The decision of a district court on a matter of habeas corpus relief is reviewed de novo and under the standards set forth in 28 U.S.C. § 2254. Bell v. Ozmint, 332 F.3d 229, 233 (4th Cir. 2003). Under the Antiterrorism and Effective Death Penalty Act of 1996 (“AEDPA”), if the issue on appeal was adjudicated in state court, as it was here, this Court

may award habeas corpus relief . . . only if the adjudication “resulted in a decision that was contrary to, or involved an unreasonable application of, clearly established Federal law, as determined by the Supreme Court of the United States” or “resulted in a decision that was based on an unreasonable determination of the facts in light of the evidence presented in the State court proceeding.”

Cummings v. Polk, 475 F.3d 230, 237 (4th Cir. 2007) (quoting 28 U.S.C. § 2254(d)).

In Bell v. Cone, the Supreme Court held that a state court’s decision is “contrary to” clearly established federal law “if the state court applies a rule different from the governing law set forth in our cases, or if it decides a case differently than we have done on a set of materially indistinguishable facts.” 535 U.S. 685, 694 (2002). A state court’s decision is an “unreasonable application” of federal law “if the state court correctly identifies the governing legal principle from our decisions but unreasonably applies it to the facts of the particular case.” Id. However, “it is not the province of a federal habeas court to reexamine state-court determinations on state-law questions.” Estelle v. McGuire, 502 U.S. 62, 67-68 (1991).

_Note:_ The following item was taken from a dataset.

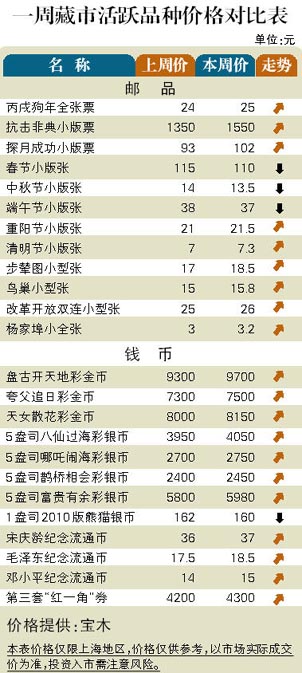 邮市方面:2003年小版张因累计上扬幅度过大,因此上周末升势受阻。尽管如此,“古桥”小版张也有20%升幅,但本周初开始回调。不过,JT票略有上涨,如“庚申猴”邮品扬升到8100元,“红楼梦”和“从小爱科学”小型张分别走高至1300元和13200元。币市方面:彩金银币出现上涨迹象,但幅度相对有限,其中“贵妃醉酒”彩金币回升到40000元附近,“富贵有余”5盎司彩银币反弹到6000元,“深圳特区”金银套币下沉至3760元。

III. A. Right to Self-Representation Koon argues that that he made repeated requests to proceed pro se to the trial court and that he never waived his right to represent himself. Koon contends that the trial court violated his Sixth Amendment rights by either ignoring or denying his requests and by failing to conduct a hearing on the issue, which he argues was required under Faretta v. California, 422 U.S. 806 (1975). Koon claims that, because a violation of the Sixth Amendment is a structural error, it requires automatic reversal of his convictions.

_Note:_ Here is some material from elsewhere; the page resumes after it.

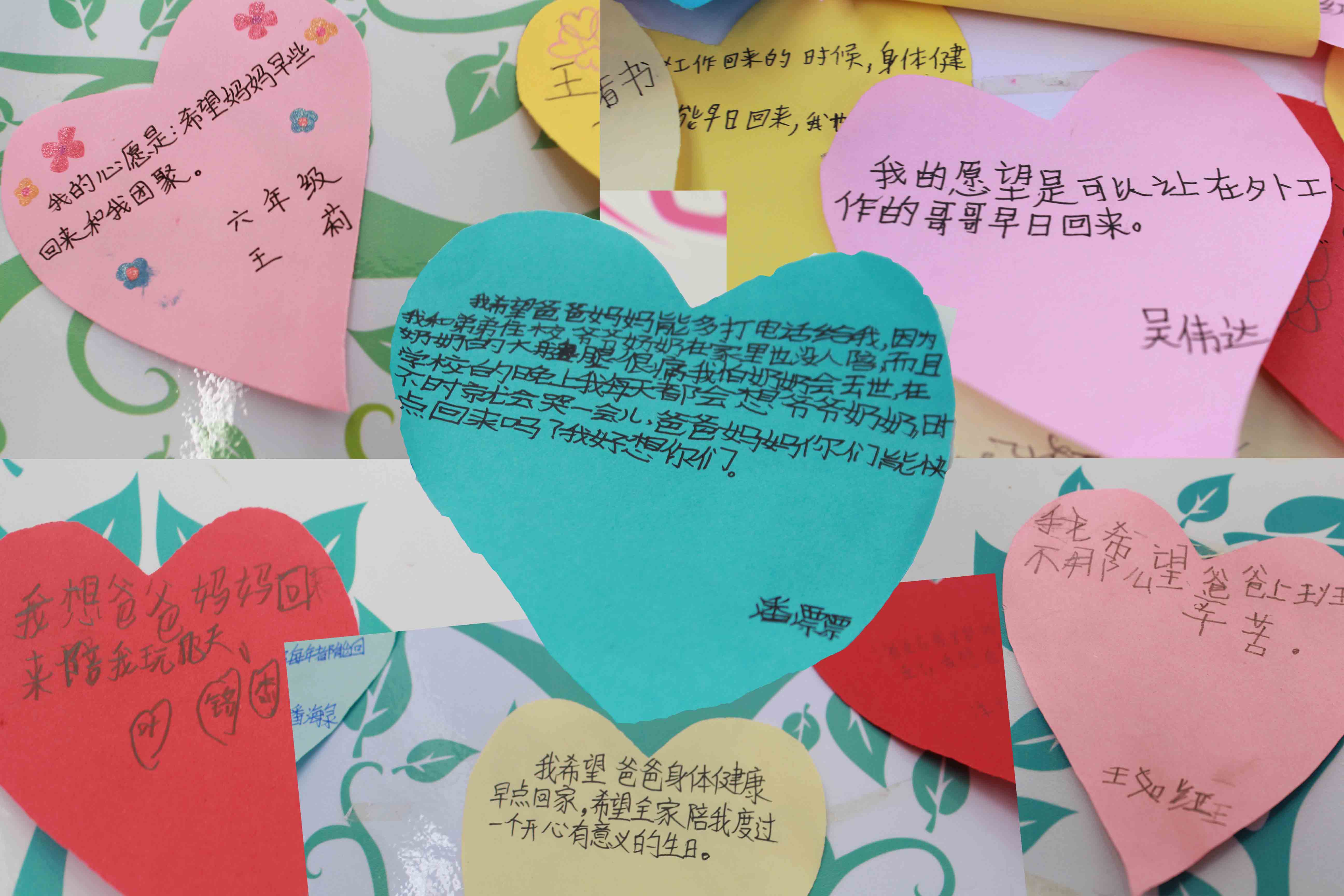 心愿墻上孩子們一個(gè)個(gè)小小的心愿,卻給我們留下了極大的震撼

The PCR court considered this claim in the context of whether Koon’s counsel was ineffective for failing to request a Faretta hearing and held that Koon’s “testimony concerning his desire to proceed pro se was not credible. [He] admitted at trial that Mr. Slade represented him well.” J.A. 353. The Supreme Court of South Carolina considered the same issue, as well as whether the trial court violated Koon’s rights by failing to conduct a Faretta inquiry sua sponte. The Supreme Court of South Carolina noted that Koon’s “request to proceed pro se was considered by this Court in its review of the petition for a writ of certiorari, both in the context of ineffective assistance of counsel and trial court error,” J.A. 465, and found that both arguments lacked merit.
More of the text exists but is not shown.